If you become ill with norovirus, it’s important to drink plenty of fluids to help stay hydrated. Be sure to get plenty of rest and eat soft, bland foods, taking small bites.

Prevention tips

Although norovirus is very contagious, you can take steps to help prevent its spread:

  • Regularly wash hands thoroughly with soap and water for at least 20 seconds (hand sanitizer does not work well against norovirus).
  • Wipe down objects and surfaces with a bleach-based cleanser and leave the bleach disinfectant on the affected area for at least 5 minutes.
  • Wear gloves when cleaning potentially contaminated objects and surfaces.
  • If caring for a sick loved one, wash hands often including before eating, preparing and handling foods.
  • Always wash fruits and vegetables before preparing and eating.
  • Cook oysters and shellfish, which are common causes of norovirus outbreaks, thoroughly to an internal temperature of at least 145 degrees.
  • Wash contaminated clothes soiled with vomit or feces immediately.

When to see a doctor

If you’re unable to keep food or drink down for longer than two days, you may be at risk for dehydration and should see a doctor.
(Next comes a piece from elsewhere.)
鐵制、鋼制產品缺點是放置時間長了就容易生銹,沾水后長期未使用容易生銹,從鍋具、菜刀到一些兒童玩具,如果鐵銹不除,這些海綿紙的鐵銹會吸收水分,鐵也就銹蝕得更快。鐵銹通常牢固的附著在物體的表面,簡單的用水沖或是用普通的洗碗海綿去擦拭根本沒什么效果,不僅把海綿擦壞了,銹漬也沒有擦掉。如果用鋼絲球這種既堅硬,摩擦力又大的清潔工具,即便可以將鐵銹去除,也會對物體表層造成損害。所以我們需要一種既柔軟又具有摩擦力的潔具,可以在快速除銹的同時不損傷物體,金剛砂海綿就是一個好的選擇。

If you become severely dehydrated, your doctor can prescribe anti-nausea medication or order intravenous fluids to treat dehydration. In case of emergency, always call 911.
“The best protection is to wash your hands properly and thoroughly,” Dr. Klein says. “It’s hard to stress that enough – washing your hands can help protect you against norovirus and many other illnesses out there.”